Underwater acoustics entails the development and employment of acoustical methods to image underwater features, to communicate information via the oceanic waveguide or to measure oceanic properties. In its most fundamental sense, modeling is a method for organizing knowledge accumulated through observation or deduced from underlying principles. Simulation refers to a method for implementing a model over time.
Historically, sonar technologists initiated the development of underwater acoustic modeling to improve sonar system design and evaluation efforts, principally in support of naval operations. Moreover, these models were used to train sonar operators, assess fleet requirements, predict sonar performance and develop new tactics. Despite the restrictiveness of military security, an extensive body of relevant research accumulated in the open literature, and much of this literature addressed the development and refinement of numerical codes that modeled the ocean as an acoustic medium. This situation stimulated the formation of a new sub-discipline known as computational ocean acoustics. Representative developments in computational ocean acoustics have been documented by Merklinger (1987), Lee et al. (1990a-c, 1993) and Lau et al. (1993).

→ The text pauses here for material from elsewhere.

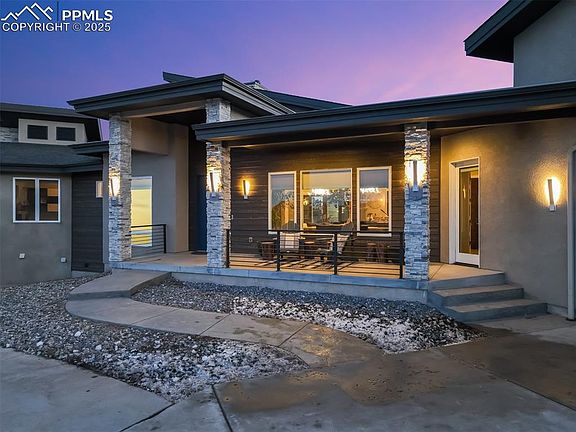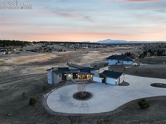 Welcome to this custom-built walkout estate, where luxury and craftsmanship blend with breathtaking natural surroundings. Sitting on the 4th hole of Kings Deer Golf Course, this home offers an unparalleled living experience with thoughtful design, high-end finishes, and exceptional amenities. The heart of the home is a gourmet kitchen with Jenn-Air appliances and custom wood cabinetry. Granite counters and custom lighting make it functional and beautiful. The space also includes a butler’s pantry with granite countertops, a large pantry, and access to the “Babe Cave,” a custom sunroom with wood-burning fireplace and access to a large covered deck with gas outdoor kitchen. The open-concept plan highlights a formal dining room and a large living room with a custom Davinci fireplace and stunning Pikes Peak views! The luxurious primary suite is a private retreat with an expansive walk-in closet with custom drawers, a built-in dresser, and washer and dryer. The en-suite bath offers a spa-like feel with a soaking tub, pond views, and a massive walk-in shower. Also on the main level is a custom office (convertible to a bedroom) and a large mudroom with access to the 5-car garage, which has a drive-through option for camper or boat storage, paired with a circular driveway. The lower level is designed for entertainment and relaxation. It features a spacious recreation area with a 30-ft basketball court, pickleball nets, a climbing wall, and a mirrored workout area. The walkout family room offers breathtaking views and a wet bar, half bath with urinal, and display case. The lower level also has three bedrooms, two sharing a shower/urinal area and each with separate sinks, while the third has a custom en-suite bath. All bedrooms have walk-in closets. With impeccable craftsmanship, modern conveniences, and exceptional outdoor spaces, this estate is a rare opportunity to own a true architectural masterpiece.

As these modeling technologies matured and migrated into the public domain, the private industry was able to apply many aspects of this pioneering work. Subsequently, there has been much cross-fertilization between the geophysical-exploration and the sonar-technology fields as the operating frequencies of both fields began to converge. Recently, acoustical oceano-graphers have employed underwater acoustic models as adjunct tools for inverse-sensing techniques (see Section 1.6) that can be used to obtain synoptic portraitures of large ocean areas or to monitor long-term variations in the ocean.
Underwater acoustic models are now routinely used to forecast acoustic conditions for planning at-sea experiments, designing optimized sonar systems and predicting sonar performance at sea. Modeling has become the chief mechanism by which researchers and analysts can simulate sonar performance under laboratory conditions. Modeling provides an efficient means by which to parametrically investigate the performance of hypothetical sonar designs under varied environmental conditions as well as to estimate the performance of existing sonars in different ocean areas and seasons.